As I was going through the upheaval of the divorce, I was laid off. It was very difficult to motivate myself to carry out some of the most basic rituals of self care. Central to that effort, for me, has always been eating healthfully and exercising. I swear there were times that it was all I could do to get myself to the gym. I sometimes didn’t want to do anything that required any effort, let alone put my when I was already zapped of the little bit of energy I could muster to get through my workday.
But somehow I knew, even though I’d never really considered myself even remotely spiritual, let alone religious, that there was a critical reserve of energy somewhere deep in my soul. I felt a visceral gnawing at my gut that said giving up was too easy and that there was a connection between my health and my most closely held values.

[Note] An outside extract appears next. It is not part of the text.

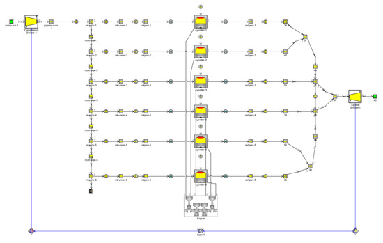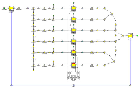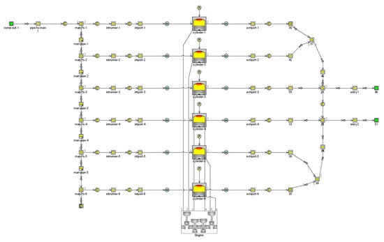 The experimental data of the engine are from Li et al. [33]. The engine prototype is a six-cylinder, in-line, four-stroke diesel engine. Its main parameters are shown in Table 2 [33]. The working environment settings are 1 ATM and 300 K, and the fuels are diesel and methanol, both of which are injected directly into the cylinder by the nozzle. The ignition sequence of the engine is 1-5-3-6-2-4, the combustion model is EngCyl Comb DI Wiebe, and the heat transfer model is Woschni GT. The model is shown in Figure 1.

And I was determined to find and illuminate that connection.
I started by looking for simple, inexpensive, healthy pleasures that my son (then 7, now an Amador grad and Las Positas College student) and I could share. I moved to Fremont for about 18 months and we would stop in Niles Canyon during trips back and forth to Pleasanton, where his mom still lived, to skip stones in the creek or buy fruit from roadside vendors.
Reading also kept me busy. I re-read two books from a new perspective. They were Steven Covey’s “Seven Habits of Highly Effective People” and M. Scott Peck’s “The Road Less Traveled.” Both are classics in self-help and personal management and are value-driven, results-producing guidebooks. They each helped me to stand up, dust myself off and start making my life what it was meant to be. Part of that was a re-commitment to what was truly important in my life. That included setting an example for my son of the importance of health for mind, body and spirit.
While I don’t recommend divorce and getting laid off as the most pleasant combination of catalysts for improved physical and mental health, in my case, they were critical to my maturation process. So I honor each in that regard. And, to this day, I credit that time in my life with redirecting me toward a much more fulfilling and healthful lifestyle.
But it’s nice if you can learn the lessons without the personal trauma that sometimes goes along with them.
A couple of weeks ago, through an inspirational literature group, I met an uncommonly self-aware woman of 23 named Alexandra who has drafted what she refers to as her “Twelve Rules to Live By.”
- Don't be guided by fear.
- Seek not to be loved, but loving.
- Pick a spiritual path.
- Read great writers.
- Listen to music.
- Release the past.
- Surround yourself with people who can teach you.
- Give away what you don’t need.
- Maintain integrity.
- Be vegetarian.
- Forgive in every situation.
- Be of service.
It’s never too late, or, apparently, too early, to start attending to all the aspects of your health.